Requirement:
An exact restatement of the data below, with the pictures removed, is the required answer.

Given material:
·····
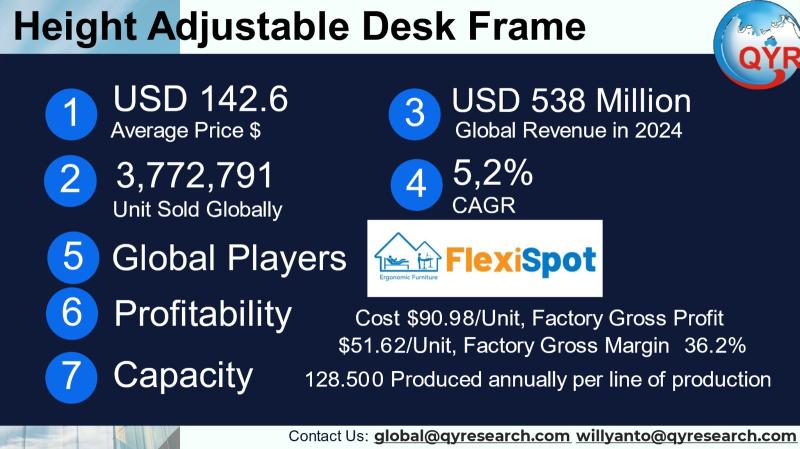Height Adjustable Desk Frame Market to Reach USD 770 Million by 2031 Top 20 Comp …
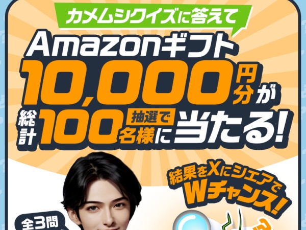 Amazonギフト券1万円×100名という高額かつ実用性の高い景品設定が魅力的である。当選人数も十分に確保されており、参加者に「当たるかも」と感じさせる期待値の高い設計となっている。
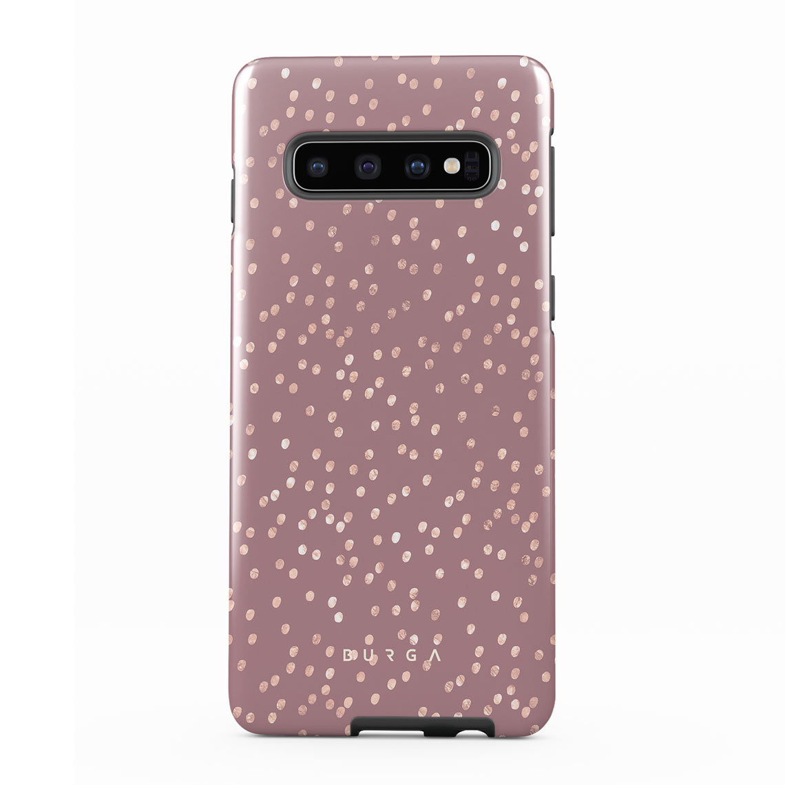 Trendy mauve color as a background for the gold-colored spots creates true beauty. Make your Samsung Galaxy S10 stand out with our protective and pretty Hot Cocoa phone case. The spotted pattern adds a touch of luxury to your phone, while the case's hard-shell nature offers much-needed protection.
·····
Expected answer:
Height Adjustable Desk Frame Market to Reach USD 770 Million by 2031 Top 20 Comp …
 Amazonギフト券1万円×100名という高額かつ実用性の高い景品設定が魅力的である。当選人数も十分に確保されており、参加者に「当たるかも」と感じさせる期待値の高い設計となっている。
 Trendy mauve color as a background for the gold-colored spots creates true beauty. Make your Samsung Galaxy S10 stand out with our protective and pretty Hot Cocoa phone case. The spotted pattern adds a touch of luxury to your phone, while the case's hard-shell nature offers much-needed protection.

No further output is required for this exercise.